On a side note, this is often what P2P software companies try to argue about their products. Yes, you can download music illegally, but you can share totally legal stuff like free software! This can be a protection, but what often happens is that they adversities the illegal benefits of their product, and thus are guilty of inducement, or suggesting that you violate copyright.

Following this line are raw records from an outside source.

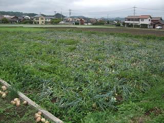 本日は、の為、朝から玉ねぎの収穫予定が、急きょ昼からとなりましたが、大活躍?のつーちゃん家族です。 昨年までは、確か1反(991.74平米)あったはずの玉ねぎ畑でしたが、今年はとても少ないので、楽勝と思っていた、つーちゃんママでしたが、その理由をお母様に聞いてみると、 「少なくないよ~幅狭めただけよ~」ガガーン聞くんじゃなかったー 早くしないと、日が暮れてしまいます急がなきゃ。玉ねぎの収穫は、低い姿勢の単純作業なので、慣れていないつーちゃんママは早くも、ふくらはぎが、ピキピキブルーになりそうな時に登場したのが、次男が「玉ねぎ坊主マン」に変身して和ましてくれました。つーちゃんママもパワーアップです。まだ、玉ねぎの収穫は終わってはいませんが、ここでつーちゃんママは退散です。明日も頑張るぞー 無農薬!無化学肥料!安心で刺激の少ない甘~いサラダ用たまねぎで健康に♪もちろん肉じゃがに...
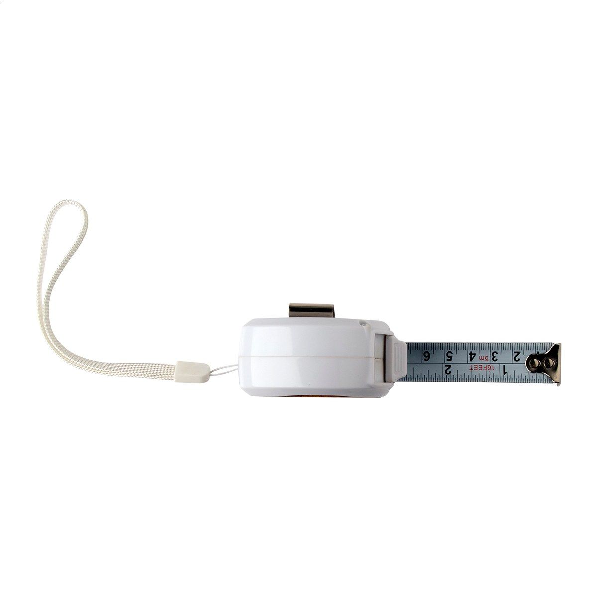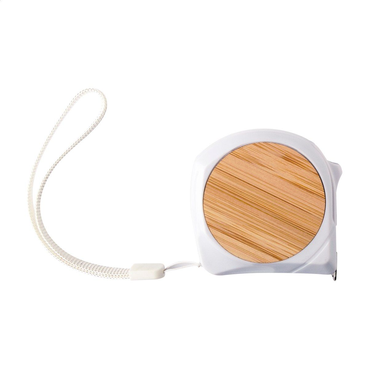 Plastový a bambusový svinovací metr s aretací, kovovým klipem a poutkem na ruku, 5 m.
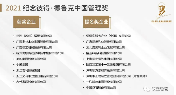 2021雙童榮獲“紀(jì)念彼得·德魯克中國(guó)管理獎(jiǎng)”
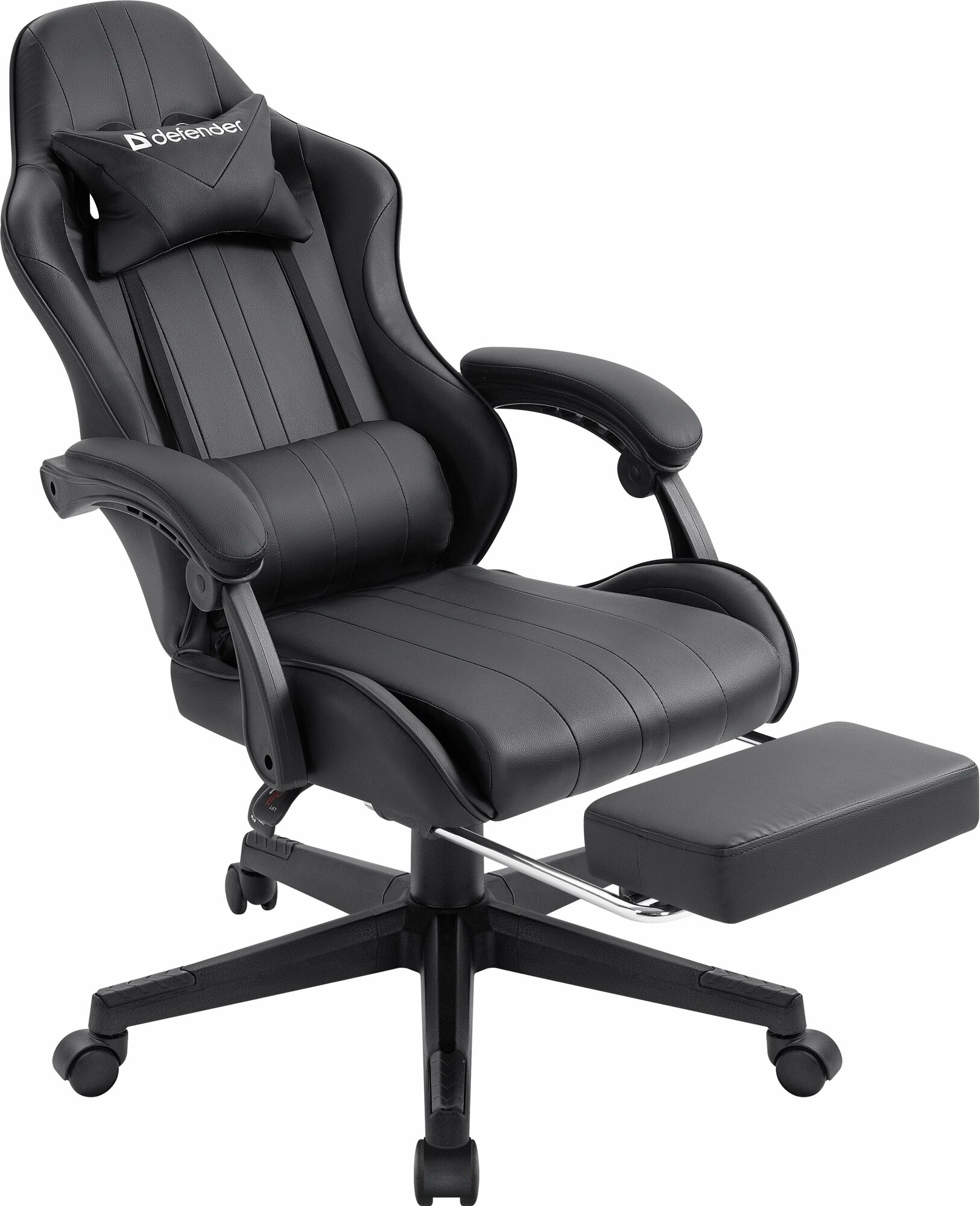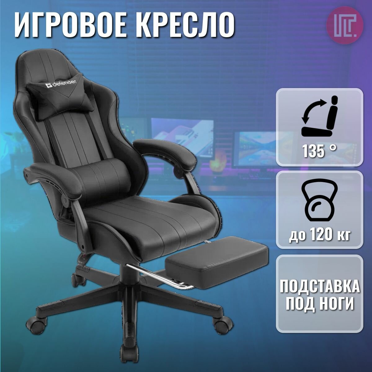 Компьютерное игровое кресло Defender Rock из эко-кожи с регулировкой высоты и подставкой для ног, на металлической раме, 2 подушки.
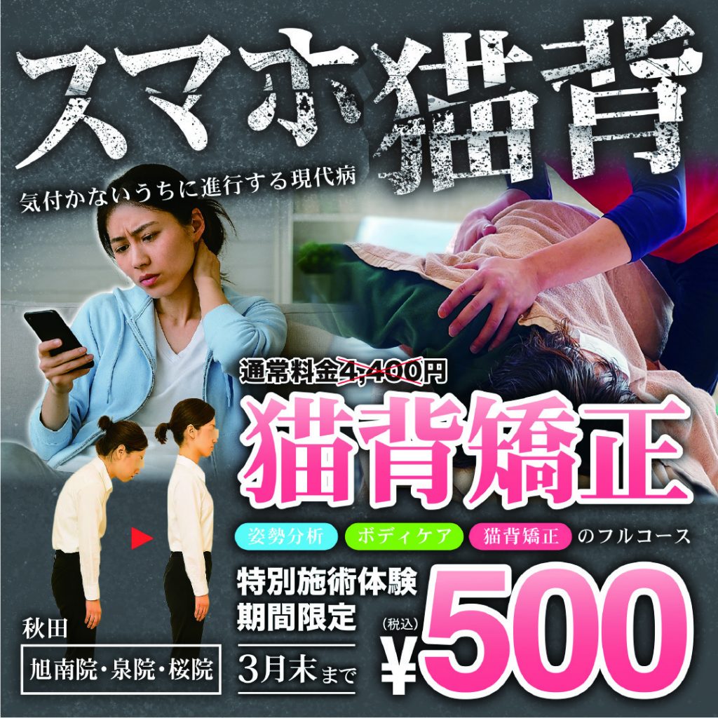 現在キャンペーンにより500円で猫背矯正の体験ができます! 気になる方はぜひお問い合わせください!
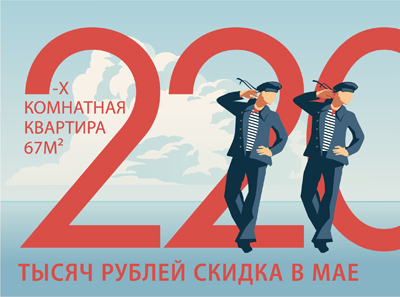 Акция «Минус 220 в мае на 2-х комнатную квартиру» действует при заключении ДДУ до 31 мая 2018 года на покупку 2-х комнатной квартиры с полной отделкой площадью 67 м2 в строящихся корпусах № 14 и № 15 II очереди ЖК «Огни Залива». Покупателям предоставляется скидка 220 тысяч рублей с цены договора.
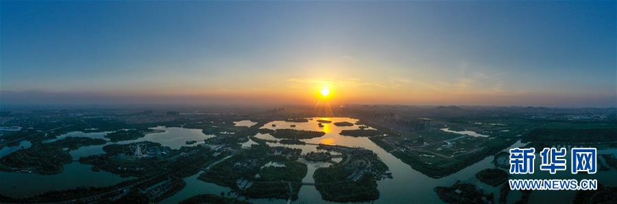9月8日拍攝的馬莊村村邊的潘安湖國家濕地公園景色(無人機全景照片)。這里曾是采煤塌陷區。 江蘇省徐州市賈汪區潘安湖街道馬莊村曾是
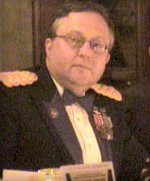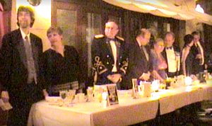 Next I introduced Larry and Marilyn Niven. Larry is one of the Award judges, and so well known as an author to require no further introduction. Then came Art Dula, the Heinlein Prize Trustee and successor literary executor. Art’s beautiful wife, Tamea, could not arrive in time for dinner, so we had seated Lt. Col. Sam Kramer, resplendent in his mess blues, whose devoted efforts at selling all the dinner tickets at our table merited his inclusion at the head table, next to Art.
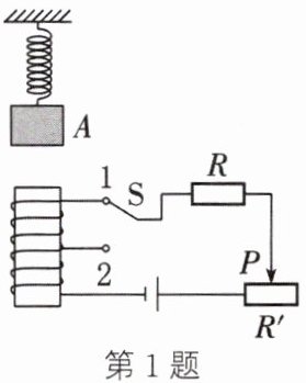 1. 如图所示,弹簧下端悬挂一铁块$A$,开关$S$由$1$拨向$2$时,弹簧的伸长量将
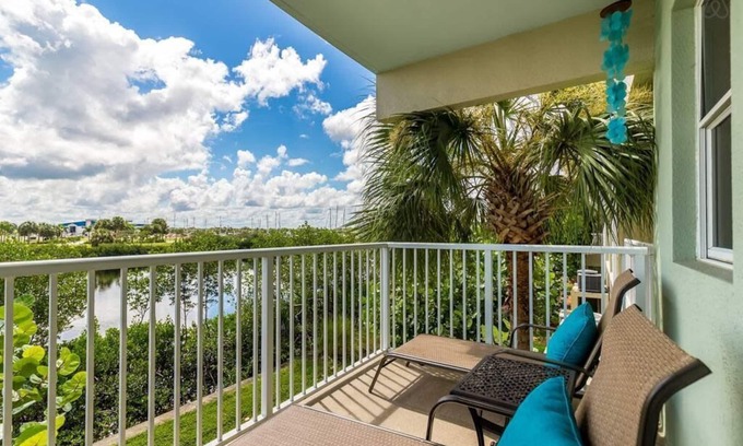 Enjoy waterfront views from the two back private balconies, and enjoy the resort view from the front two balconies. We often spot dolphins while sitting on the back balconies! This townhome is beautifully decorated with a calming beach theme and well maintained throughout.
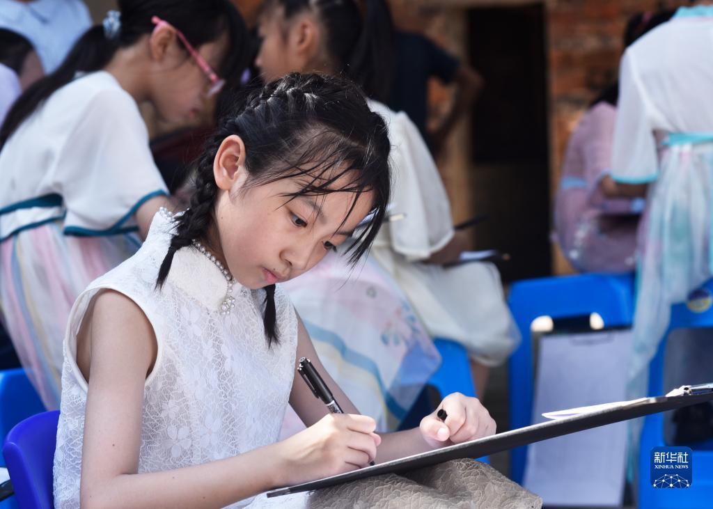 7月22日,在湖南省郴州市嘉禾縣晉屏鎮雷公井村,小朋友在寫(xiě)生。

Thus, this case created a precedent that home viewers can create copies of shows for home use (not for profit), and the companies creating those copying technologies are generally safe, as long as there is a legal purpose for those technologies.

Streaming DVRs

As technology progressed, new features were added and litigated. Recently, Cablevision a cable company introduced a product that acted as a DVR, but stored the shows on the company?s servers and then streamed the programming to the consumer when they decided to watch it. This meant no home DVR was recording the show.

The content producers sued claiming Cablevision was violating their rights by making a copy of a copyrighted work, and then putting out a public performance of a copyrighted work. The Court again sided the technology producer. They claimed that since a user was directing the copy to be made, this again was a legal copy, and that since the one copy was going to one customer, the transmission to the home user from the company?s hard drive was not a public performance.

The Hopper

Now we come to Dish?s new product. It seems to me that this case will turn on the factors the Courts have focused on in the past, but one new aspect will be addressed (which is exciting as a copyright nerd).

  • Who is making the recording?

The courts have protected the DVR companies in the past when the user is the one requesting the recording be made. Even when Cablevision stored the recording, the fact that the customer requested it protected them from liability. Here, is the customer requesting the recording? According to the ad, The Hopper records all the primetime networks every night. Is the user really ?requesting? this, even if they choose the ?Primetime? option? How does the fact that Dish sends the jump points back to the DVR (which stores the video) factor in?

  • What is included in the copyrighted work?

The networks obviously have copyright protection in their programming. However, does this extend to the commercials that appear between the shows? I can see an argument that the entirety of what is coming off their broadcast is their programming. Will the court accept that? Before, using traditional DVRs, customers saved the ?entire? program, ads and all. Even if they chose to skip them, they still were saving them. Here, the ads are cut out. Is that a derivative work? Or an unlawful reproduction of the original programming?

Conclusion

In the end, this will be a big decision for the networks. If allowed, new models for advertisers will have to be created. You will probably see much more product placement, in-show type advertising. Further, one expert hinted that you could see permanent bottom-third style ads (like those pop ups on Youtube, or the ticker on CNN) instead of commercial breaks. However, should we be protecting an old business model just for the sake of propping up an industry? Perhaps this will force new revenue models that some have said are long overdue.

Like this:

Be the first to like this post.

west memphis three shaun white taxes game of thrones season 2 trailer sag award winners girl scout cookies screen actors guild

No comments:

Post a Comment

Note: Only a member of this blog may post a comment.